• **DATA BLOCK**:
******

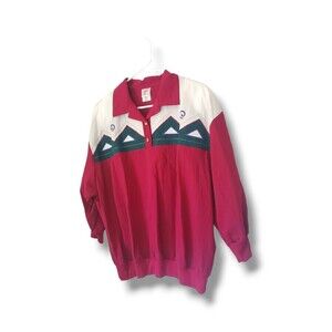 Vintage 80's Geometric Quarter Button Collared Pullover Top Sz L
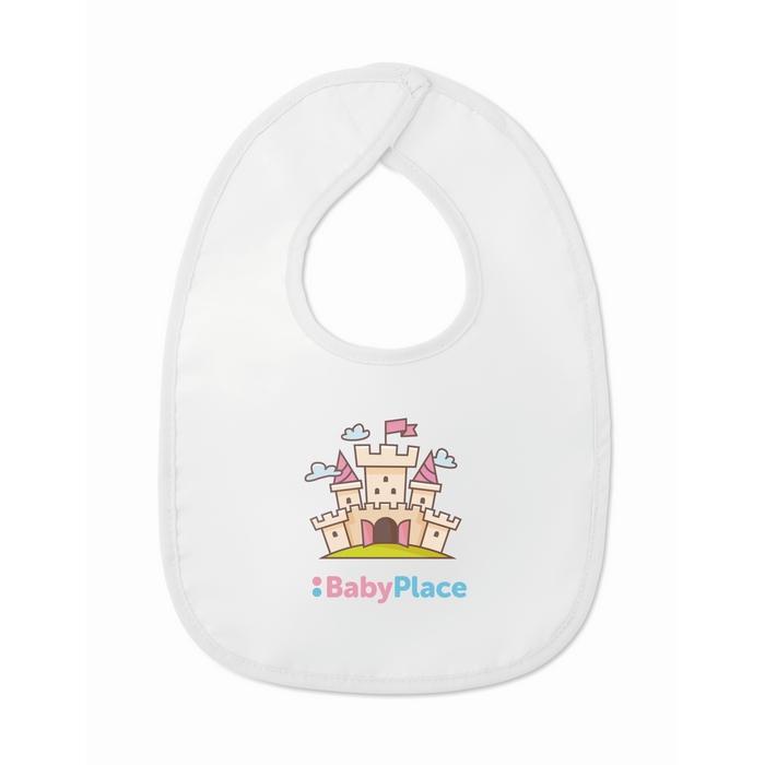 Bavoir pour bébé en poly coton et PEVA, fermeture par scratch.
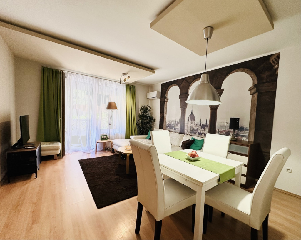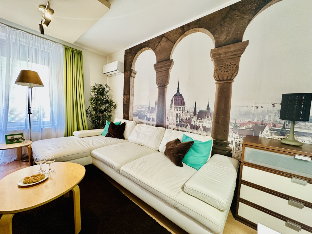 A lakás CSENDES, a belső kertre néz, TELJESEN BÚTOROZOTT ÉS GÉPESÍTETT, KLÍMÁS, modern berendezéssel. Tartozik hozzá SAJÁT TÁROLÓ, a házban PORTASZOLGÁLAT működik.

******

• **YOUR OBJECTIVE**:
Reproduce the material above exactly, first line through the line that contains "Bavoir pour bébé", minus the pictures.

• **RESULT OF THIS TASK**:
 Vintage 80's Geometric Quarter Button Collared Pullover Top Sz L
 Bavoir pour bébé en poly coton et PEVA, fermeture par scratch.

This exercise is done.